● **Required action**
Return the material below exactly, but only from the line with "Give your snail" through the line with "在筋竹镇幸福路街道,各部门工", and without its pictures.

● **Material to process**
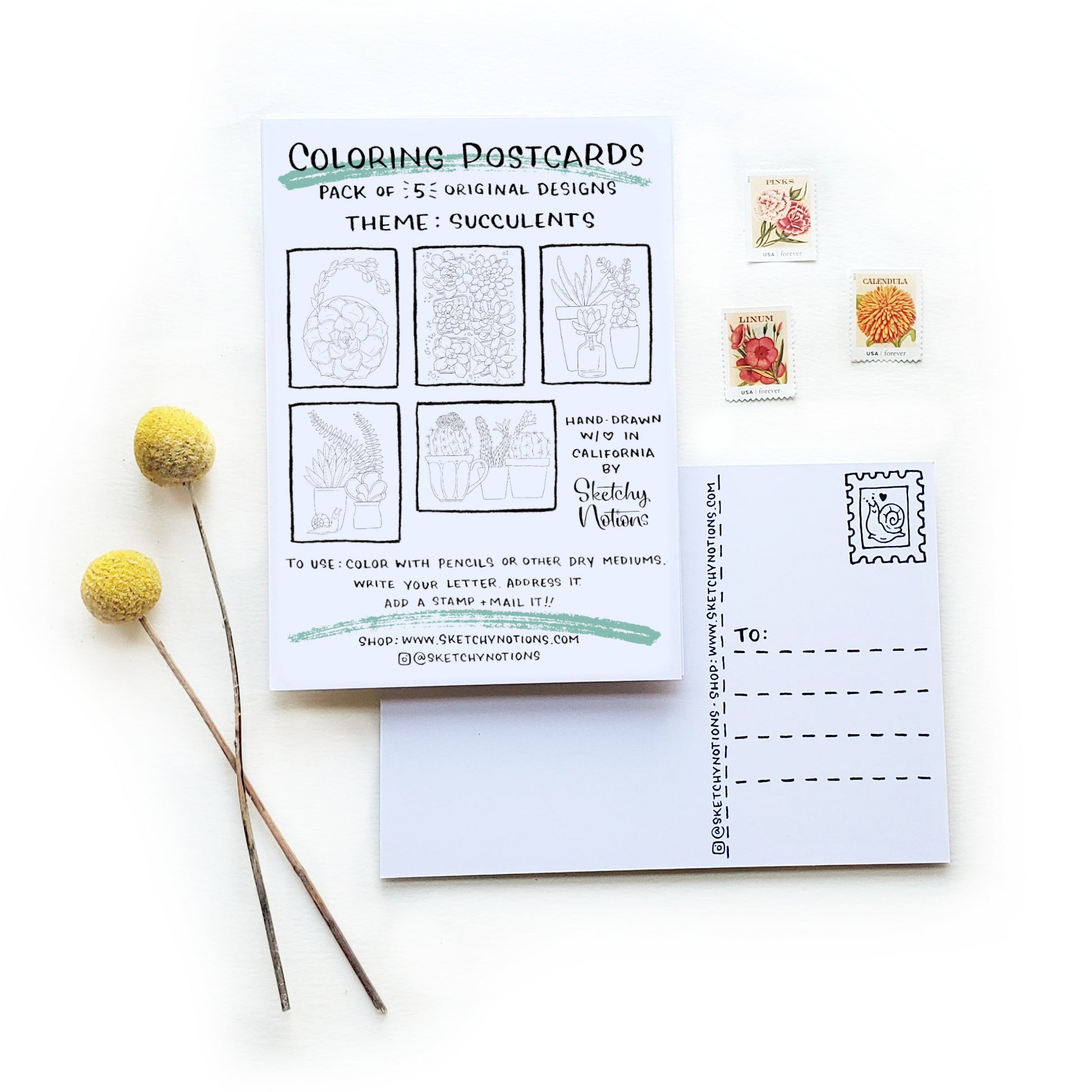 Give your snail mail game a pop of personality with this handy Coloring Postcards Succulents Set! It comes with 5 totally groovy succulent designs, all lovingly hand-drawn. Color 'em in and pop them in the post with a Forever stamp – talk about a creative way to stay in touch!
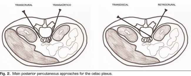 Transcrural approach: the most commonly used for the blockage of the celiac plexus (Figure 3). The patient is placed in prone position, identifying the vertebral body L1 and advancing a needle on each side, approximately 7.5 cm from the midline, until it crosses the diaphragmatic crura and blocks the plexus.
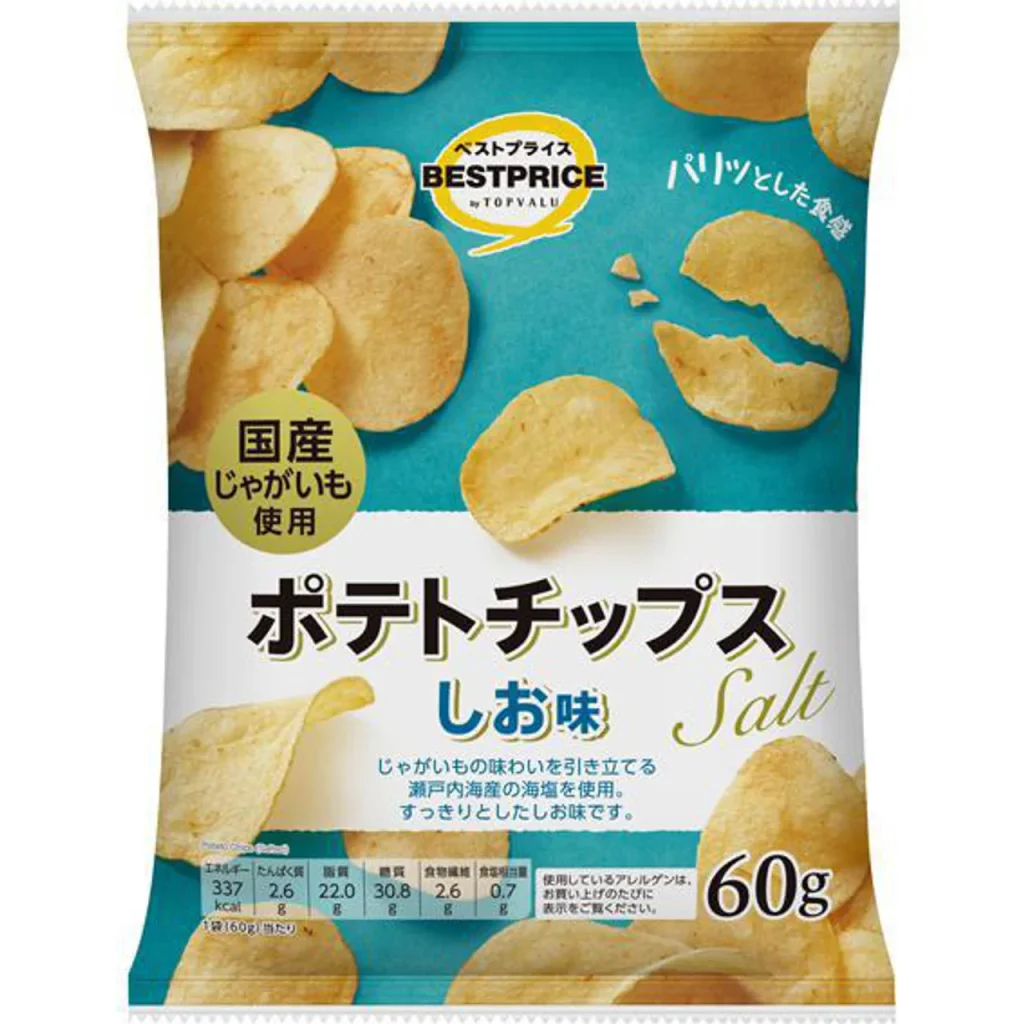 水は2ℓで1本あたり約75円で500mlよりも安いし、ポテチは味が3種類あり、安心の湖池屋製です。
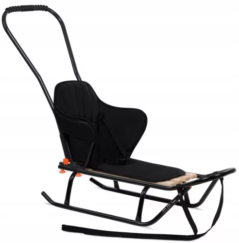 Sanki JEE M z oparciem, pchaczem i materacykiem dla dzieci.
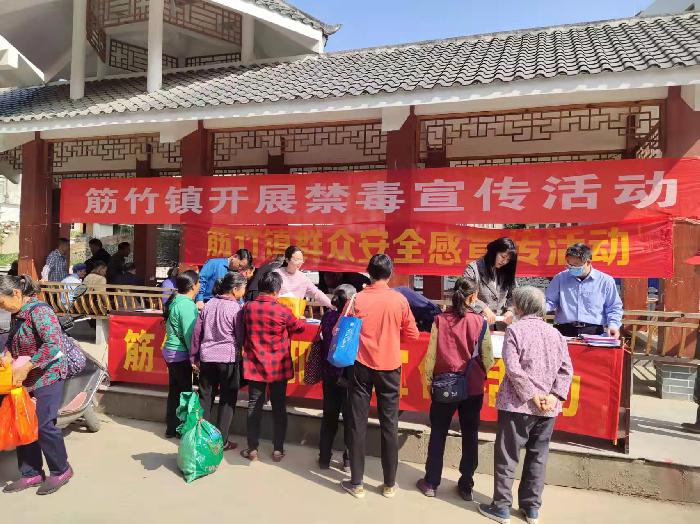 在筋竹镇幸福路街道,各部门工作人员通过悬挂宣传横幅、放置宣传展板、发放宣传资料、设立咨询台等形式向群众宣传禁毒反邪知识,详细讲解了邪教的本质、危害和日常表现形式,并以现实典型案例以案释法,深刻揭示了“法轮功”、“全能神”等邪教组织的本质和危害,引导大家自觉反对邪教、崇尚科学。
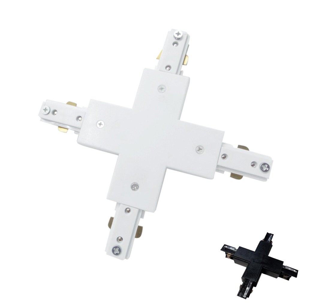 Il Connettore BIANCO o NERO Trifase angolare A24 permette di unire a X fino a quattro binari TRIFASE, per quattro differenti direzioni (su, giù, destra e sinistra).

---

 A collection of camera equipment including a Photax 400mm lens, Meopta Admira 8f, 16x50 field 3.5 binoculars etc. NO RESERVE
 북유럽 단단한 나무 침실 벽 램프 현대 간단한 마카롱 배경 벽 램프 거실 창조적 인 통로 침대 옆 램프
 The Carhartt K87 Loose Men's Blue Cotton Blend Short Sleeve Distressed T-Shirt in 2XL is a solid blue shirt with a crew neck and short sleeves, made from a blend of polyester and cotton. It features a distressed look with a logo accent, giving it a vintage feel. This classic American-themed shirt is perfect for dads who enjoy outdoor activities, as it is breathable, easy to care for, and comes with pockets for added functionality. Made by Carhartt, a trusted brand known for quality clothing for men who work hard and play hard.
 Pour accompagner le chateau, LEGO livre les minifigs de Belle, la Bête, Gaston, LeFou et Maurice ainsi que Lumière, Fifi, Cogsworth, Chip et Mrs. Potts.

--

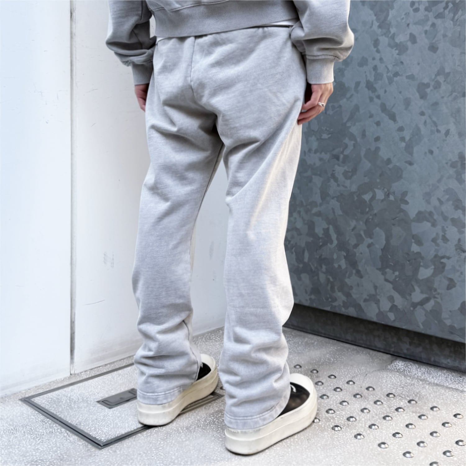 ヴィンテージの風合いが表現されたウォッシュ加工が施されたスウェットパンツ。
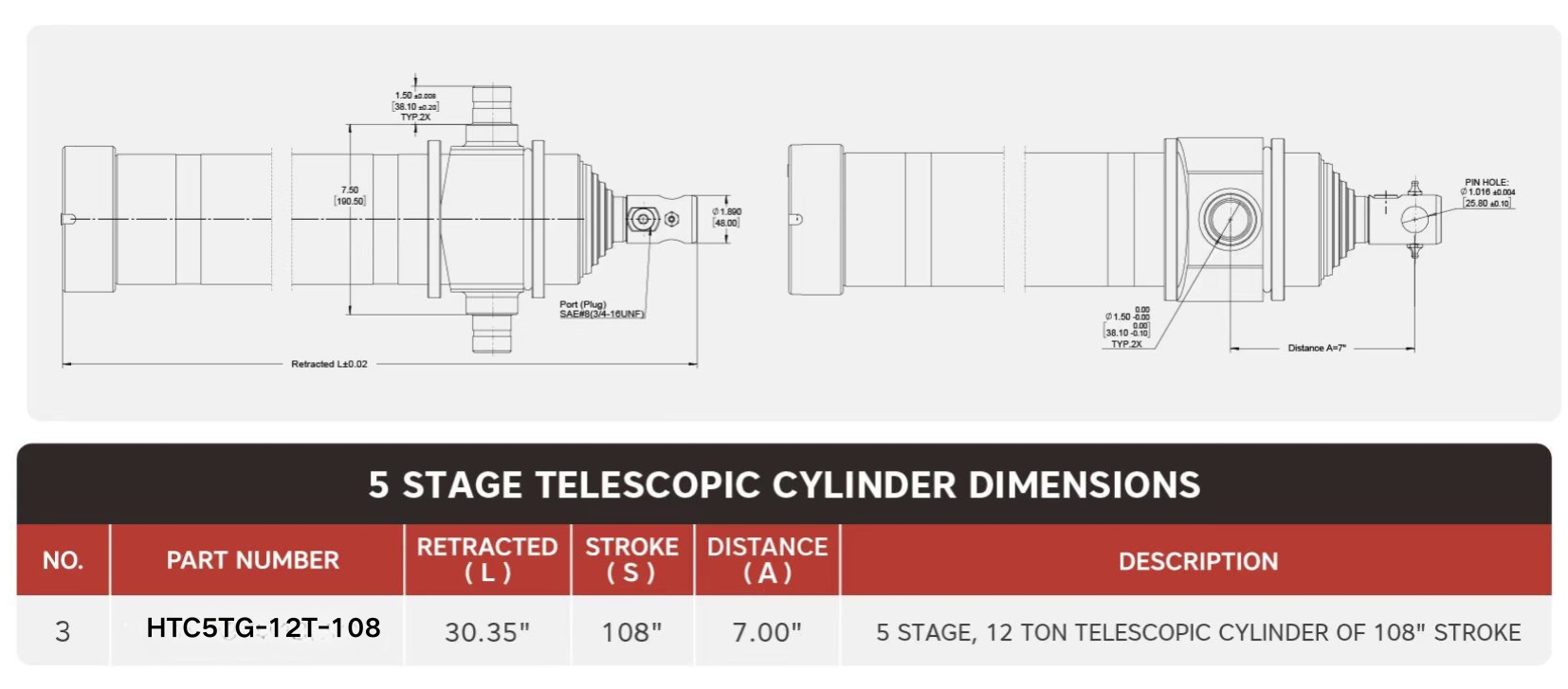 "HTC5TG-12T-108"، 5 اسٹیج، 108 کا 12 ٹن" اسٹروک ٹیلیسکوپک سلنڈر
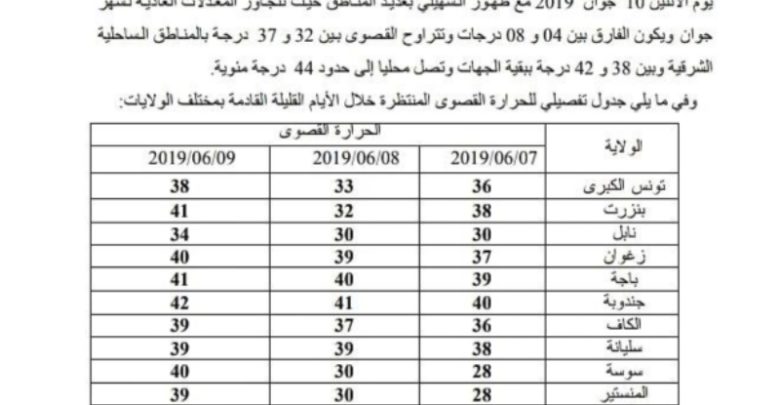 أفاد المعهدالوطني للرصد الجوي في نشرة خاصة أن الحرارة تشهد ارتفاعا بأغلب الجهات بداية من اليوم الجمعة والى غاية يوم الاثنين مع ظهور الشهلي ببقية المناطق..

● **Expected answer**
 Give your snail mail game a pop of personality with this handy Coloring Postcards Succulents Set! It comes with 5 totally groovy succulent designs, all lovingly hand-drawn. Color 'em in and pop them in the post with a Forever stamp – talk about a creative way to stay in touch!
 Transcrural approach: the most commonly used for the blockage of the celiac plexus (Figure 3). The patient is placed in prone position, identifying the vertebral body L1 and advancing a needle on each side, approximately 7.5 cm from the midline, until it crosses the diaphragmatic crura and blocks the plexus.
 水は2ℓで1本あたり約75円で500mlよりも安いし、ポテチは味が3種類あり、安心の湖池屋製です。
 Sanki JEE M z oparciem, pchaczem i materacykiem dla dzieci.
 在筋竹镇幸福路街道,各部门工作人员通过悬挂宣传横幅、放置宣传展板、发放宣传资料、设立咨询台等形式向群众宣传禁毒反邪知识,详细讲解了邪教的本质、危害和日常表现形式,并以现实典型案例以案释法,深刻揭示了“法轮功”、“全能神”等邪教组织的本质和危害,引导大家自觉反对邪教、崇尚科学。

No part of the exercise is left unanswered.